Jamming of Global Navigation Satellite System (GNSS) signals severely affects the security of critical infrastructures and applications. The localization of intentional jamming sources, jammers, is an important step in securing GNSS resilience as it provides the authorities with technical tools to prevent the jamming. However, jammers are difficult to localize in dense urban areas because the existence of multipath and non-line-of-sight propagation challenges conventional methods significantly. This challenge has not been comprehensively addressed in previous research. Motivated by this gap, a ray-tracing tool using 3-D city models is established to simulate jamming signal propagation with high precision and thereby augment the existing signal simulators, and measurements for localization are modeled by characterizing a commercial GNSS receiver under jamming conditions.

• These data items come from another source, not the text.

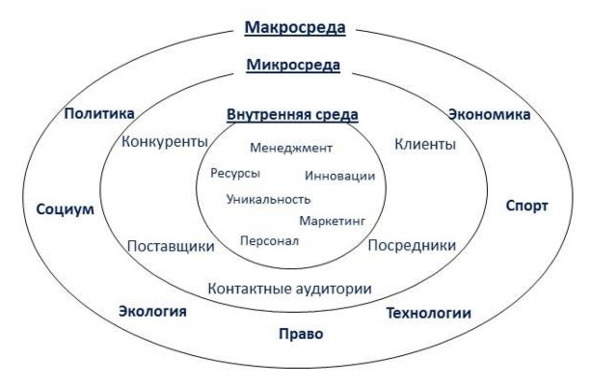 Успешное достижение цели потребует более четкой ее формулировки, что невозможно при отсутствии полной информации об амбициях и возможностях спортивной организации, а также факторах, способных повлиять на ее движение к цели. Все эти задачи можно решить, проведя тщательный анализ внутренней и внешней (маркетинговой) среды. Внешняя среда, в свою очередь, состоит из ближайшего окружения объекта маркетинга (микросреды) и факторов более широкого влияния (макросреды).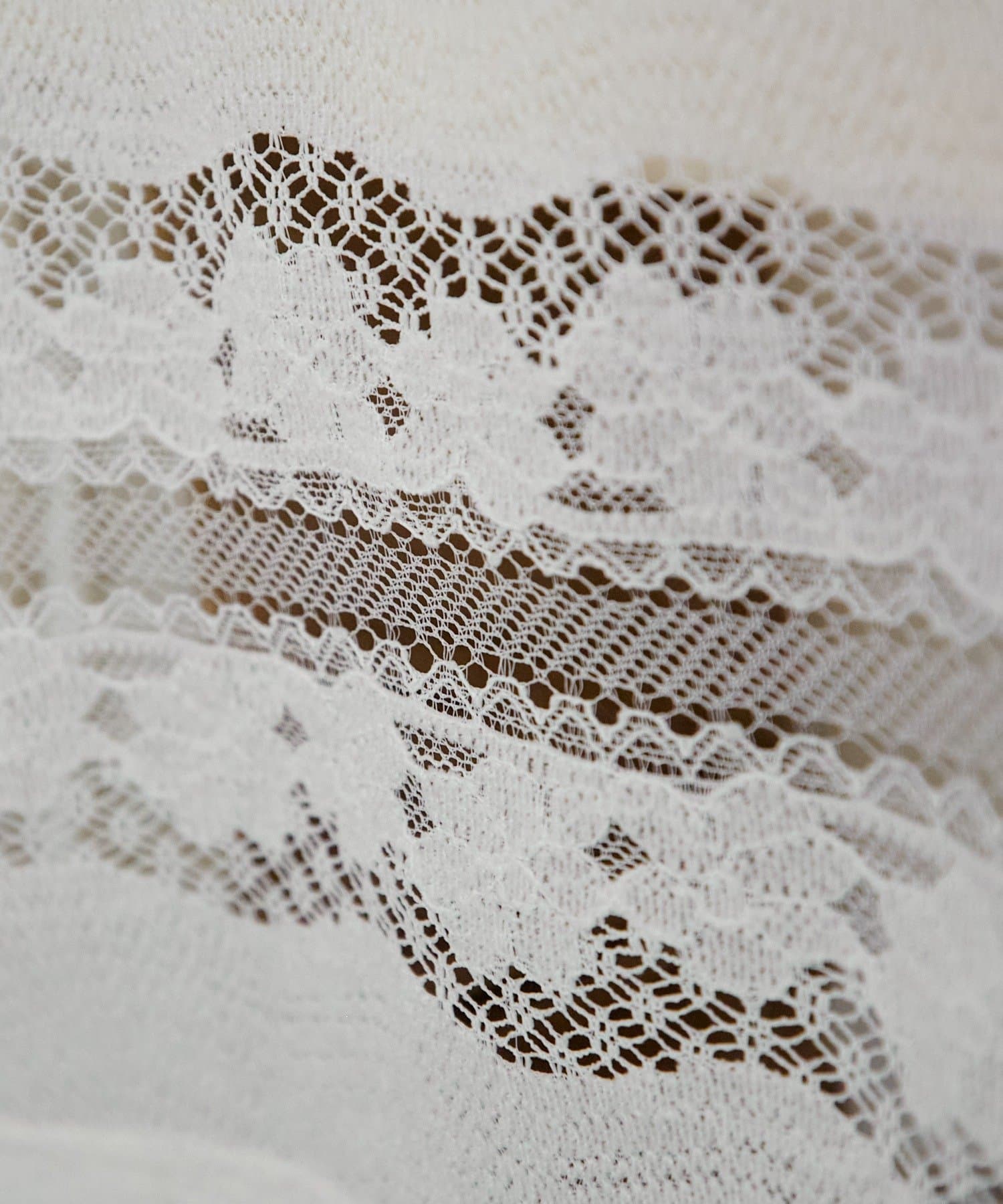 透け感のあるレースが軽やかな印象を演出しつつ、裏地付きで安心感のある着用感。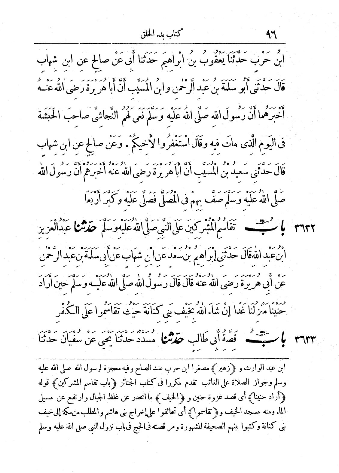 ابن عبد الوارث و (زهير) مصغرا ابن حرب ضد الصلح وفيه معجزة لرسول الله صلى الله عليه وسلم وجواز الصلاة على الغائب تقدم مكررا في كتاب الجنائز (باب تقاسم المشركين) قوله (أراد حنينا) أي قصد غزوة حنين و (الخيف) ما انحدر عن غلظ الجبال وارتفع عن مسيل الماء ومنه مسجد الخيف و (تقاسموا) أي تحالفوا على إخراج بني هاشم والمطلب من مكة إلى خيف بني كنانة وكتبوا بينهم الصحيفة المشهورة ومر قصته في الحج في باب نزول النبي صلى الله عليه وسلم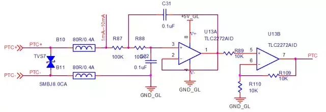 该电路应用时,要注意在输入端施加保护,可以并TVS,但要注意节电容对测量精度的影响,当然,如果在一些低成本场合,上述电路图可简化为下电路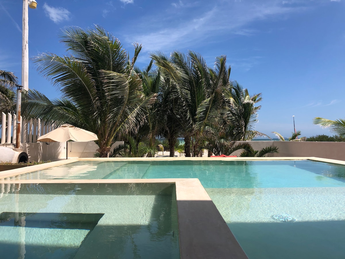 Depa con espectacular vista al mar! A pocos minutos de Mérida. El edificio cuenta con una enorme piscina y acceso directo a la playa. Los muebles son cómodos, la cocina y las habitaciones están bien equipadas y todo funciona perfectamente. Además, el departamento dispone de agua caliente y presurizada y acceso a internet de alta velocidad (80 mbps). Combina lo mejor del mar con todas las comodidades de la ciudad en este lugar ideal para relajarse frente al mar.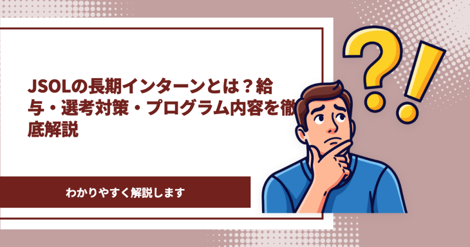 この記事では、JSOLの長期インターン「JUMP」のプログラム内容や給与・待遇、選考フローと対策方法まで網羅的に解説します。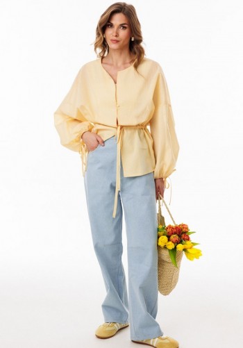 Джемпер выполнен из трикотажного полотна. Джемпер прямого силуэта, покроя oversize. Длиной до линии бедер. По переду обработана застёжка на тракторную молнию от линии груди до верха. Горловина округлой формы, обработана воротником стойкой. Плечевой шов удлинен. Рукав рубашечного покроя, одношовный. Низ рукава обработан притачной манжетой. По низу джемпера обработана эластичная тесьма с фиксаторами. Джемпер декорирован по переду кружевом, имитирующим перед топа на бретелях. Длина джемпера: р. 44-48 - 69,5 см, р. 50-54 - 70,5 см. Длина рукава от горловины: р. 44-48 - 77 см, р. 50-54 - 78 см. ДЖЕМПЕР м. 3056 44 46 48 50 52 54 Длина по центру спинки 69,5 69,5 69,5 70,5 70,5 70,5 Длина рукава от горловины 77 77 77 78 78 78 Объем по груди 134 138 142 146 150 154 Объем по талии 124 128 132 136 140 144 Объем по низу 110 114 118 122 126 130 Объем рукава вверху 42 44 46 46 48 50 Объем рукава внизу 21,5 21,5 21,5 23,5 23,5 23,5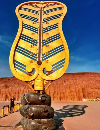 火焰山位于新疆維吾爾自治區(qū)吐魯番市高昌區(qū)312國道,是國家AAAA級景區(qū)和國家地質(zhì)公園,于2018年4月13日入圍“神奇西北100景”?;鹧嫔綄俚湫偷拇箨懶愿珊祷哪畾夂?,是北緯42°在線世界唯一的熱火爐,具有日照長、氣溫高、晝夜溫差大、降水少、風(fēng)力強(qiáng)等特點(diǎn)。全年平均氣溫為14℃,夏季平均氣溫在30℃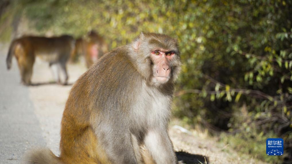 在317國道旁拍攝的野生藏獼猴(10月25日攝)。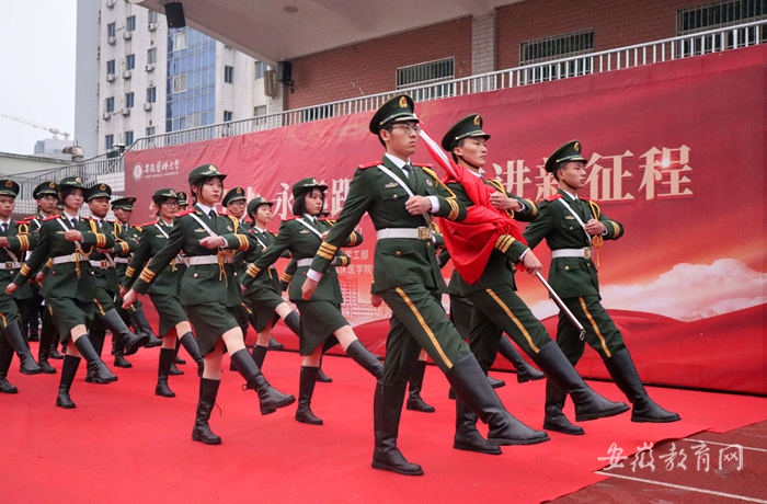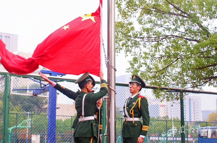 7时许,国旗护卫队着装整齐,迈着矫健的步伐,护卫着鲜艳的五星红旗入场。伴随着庄严的《义勇军进行曲》,五星红旗冉冉升起。师生们精神饱满,齐行注目礼,展现对祖国的无限热爱。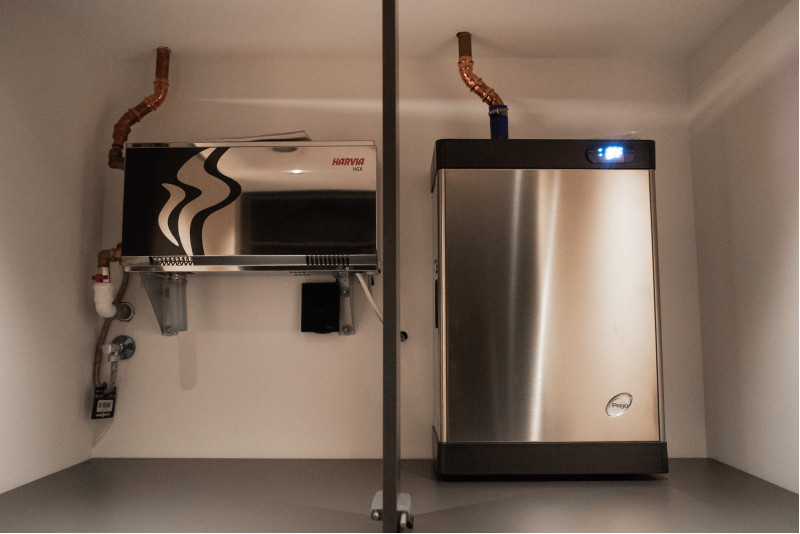 За сауните е инсталирана автономна вентилационна система – рекуператорът Salda Smarty 2X V 1.1 с интелигентен контролер осигурява оптимален микроклимат и енергийна ефективност.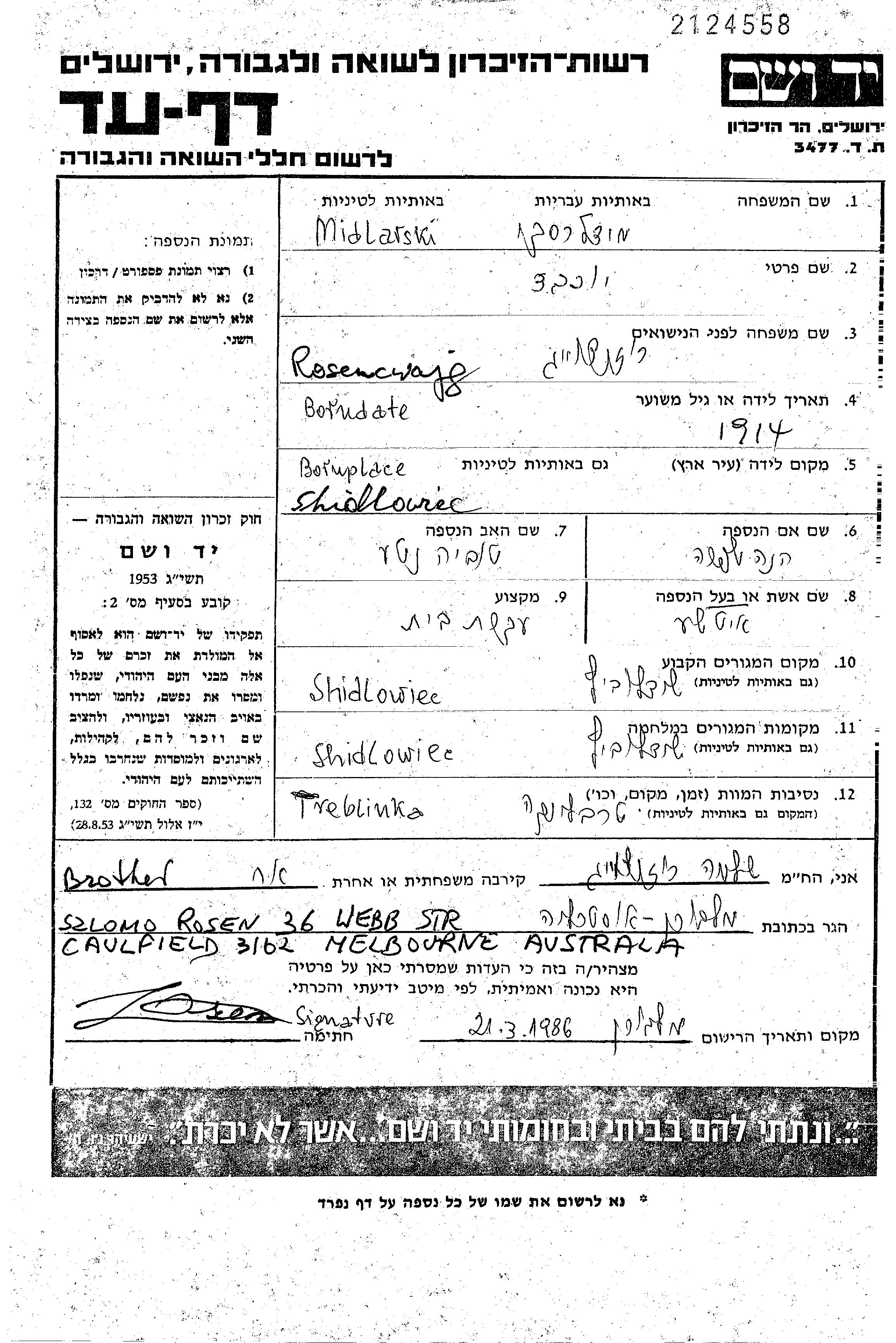 מידלארסקי יוכבד Szydlowiec, פולין רשימת יהודים נרצחים מתוך ספרי יזכור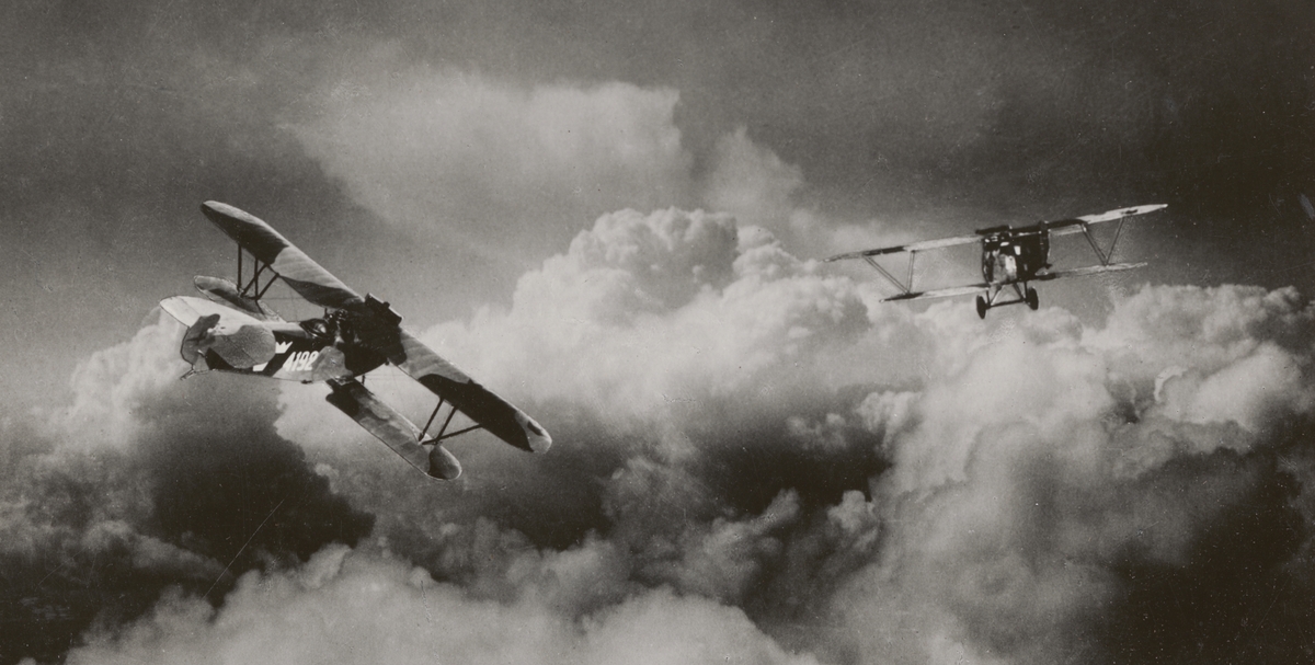 Två flygplan Phönix E.2 Dront i luftstrid ovan moln. Till vänster nr 4192.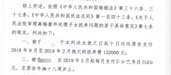 2018年8月27日,判决下来了,根据判决显示,市北区人民法院认为姜先生和林女士作为孩子的父母,应承担相等的责任,按照双方协议,两人都需要每月支付5万元,庭审调解中,姜先生承诺每个月最多可拿出6000元,市北区人民法院考虑实际情况,判决将抚养费从5万元调整到6000元。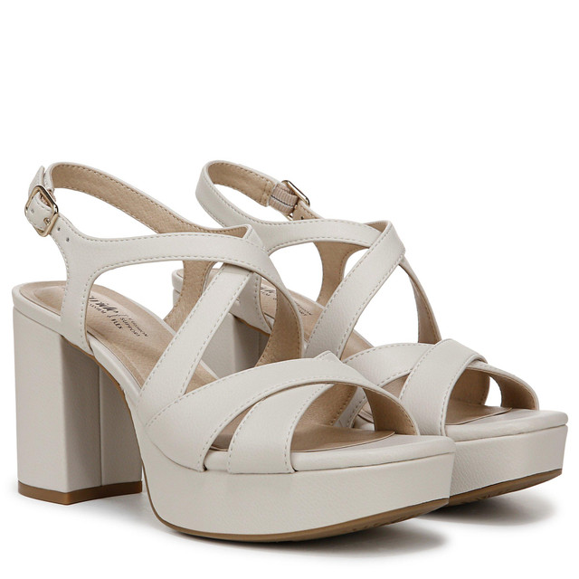 Take your look to the next level in these comfortable platforms with a stylish strappy design. The platform heels are designed with faux leather or woven fabric, an open toe, heel strap with adjustable buckle, and crisscrossing strap accent. The linings are crafted from partially recycled materials. Features Trusted Soft System® comfort technology for unmatched cushion, support, and flexibility in every pair. Traction sole for extra stability. Just Right Height 3.5-inch platform heel.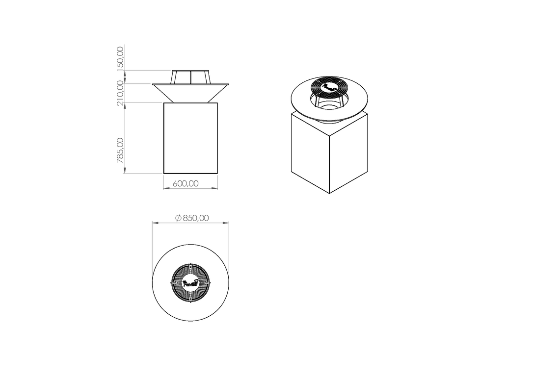 FAVILLA FUEGO CORTEN Feuerstelle – Ø 85 cm Grillplatte | 105 kg | 785×600×1145 mm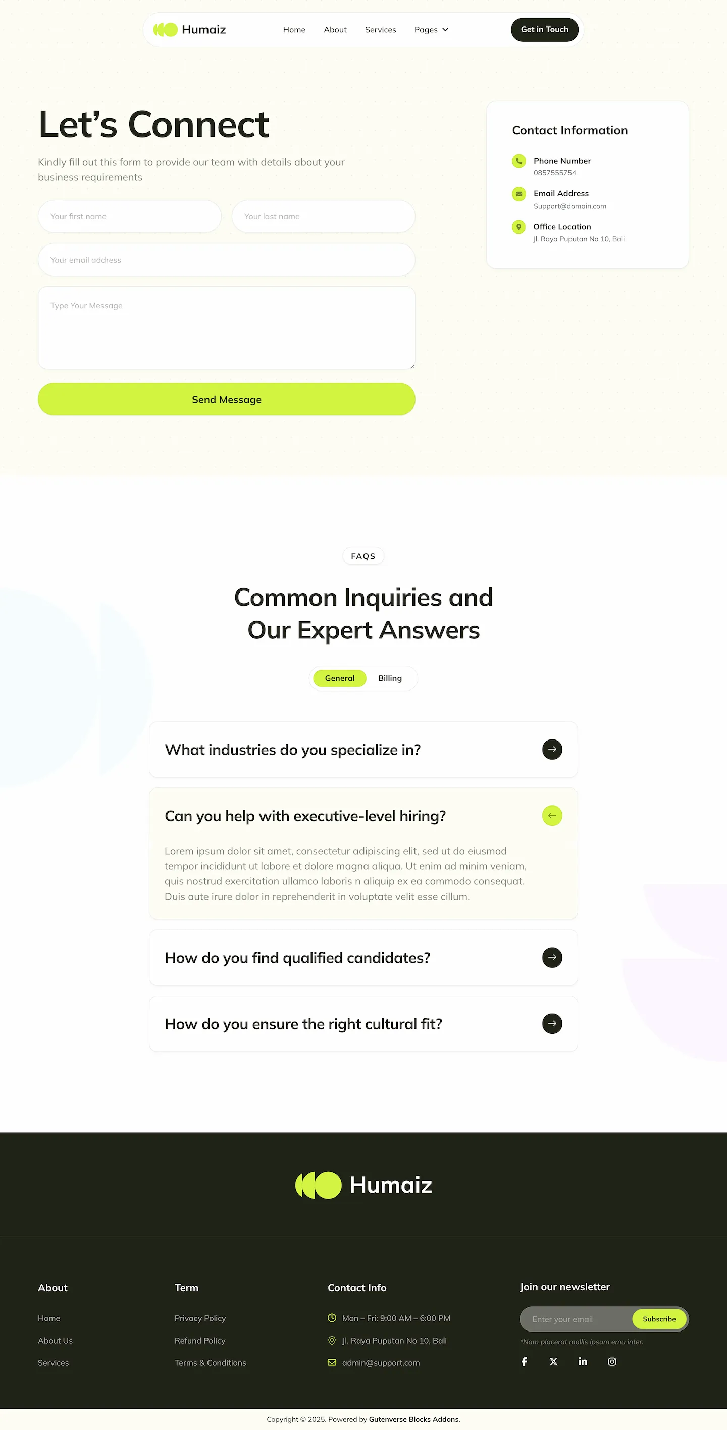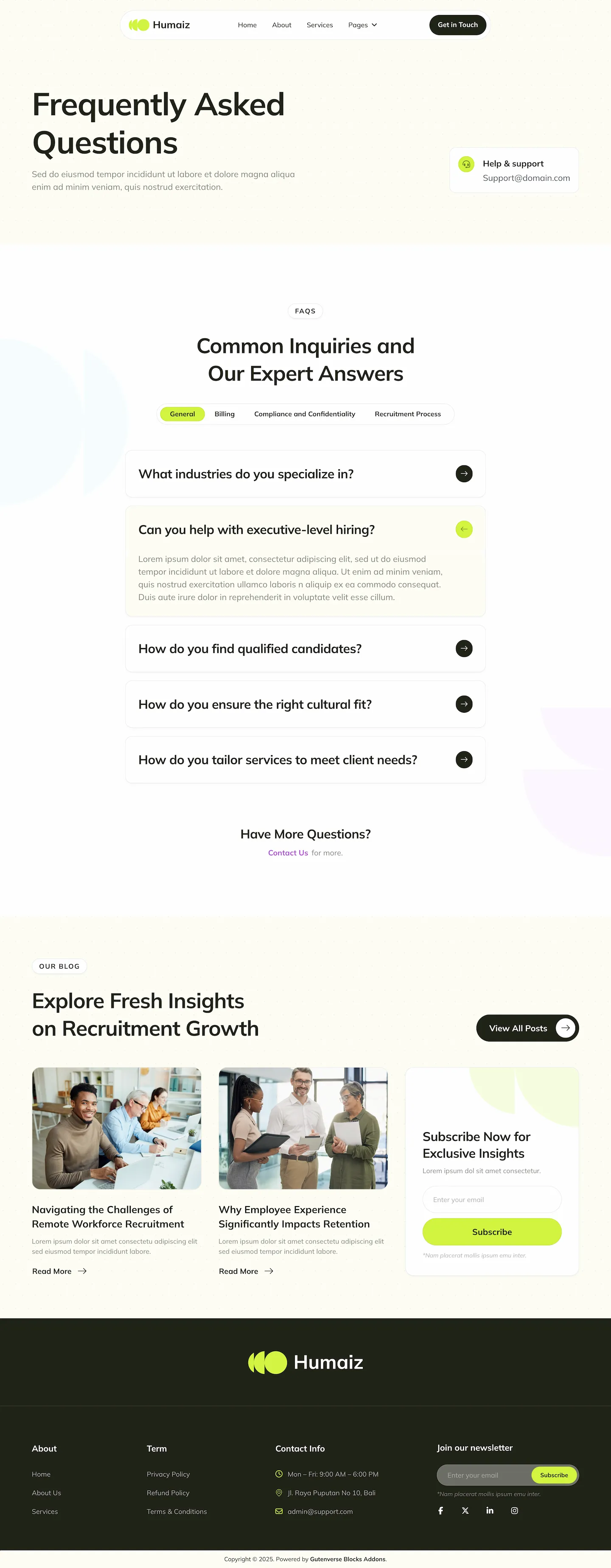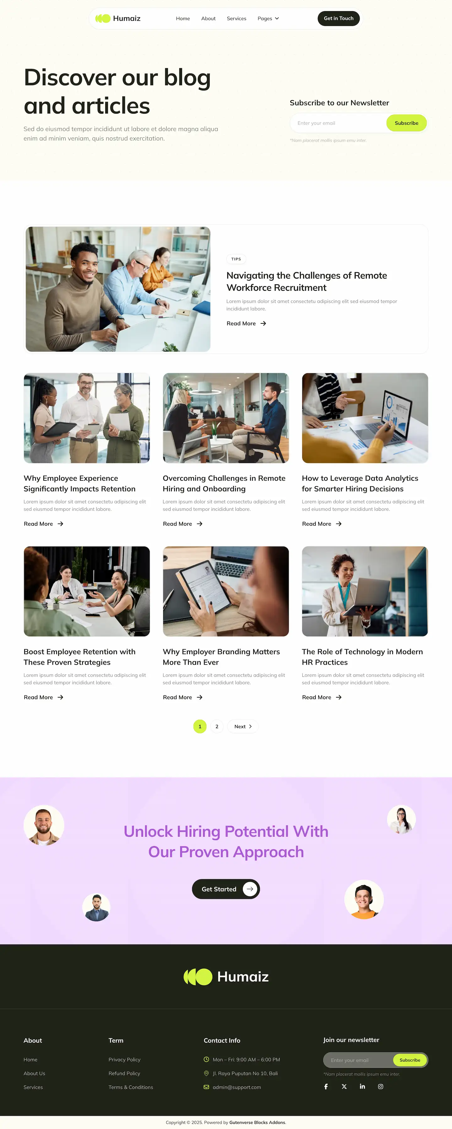 Humaiz offers a professional solution with a clean, modern design perfect for creating websites for Human Resources, Recruitment Agencies, Outsourcing Services, HR Advisors, and Hiring Managers. Humaiz is the ideal choice for building a trustworthy and efficient online presence that highlights your expertise and attracts the right talent.

Then, we propose a novel two-step strategy which consists of an ensemble subspace k-Nearest-Neighbor (KNN) as a raw-predictor and an improved gravitational searching algorithm (GSA) as a fine-optimizer. Based on this, two cloud-computing-based schemes using signal-matching and joint-localization in fine-optimizing stage are proposed. Finally, the proposed methods are evaluated in three typical urban areas, and their effectiveness and superiority over conventional least-squares method based on an empirical path-loss model are validated.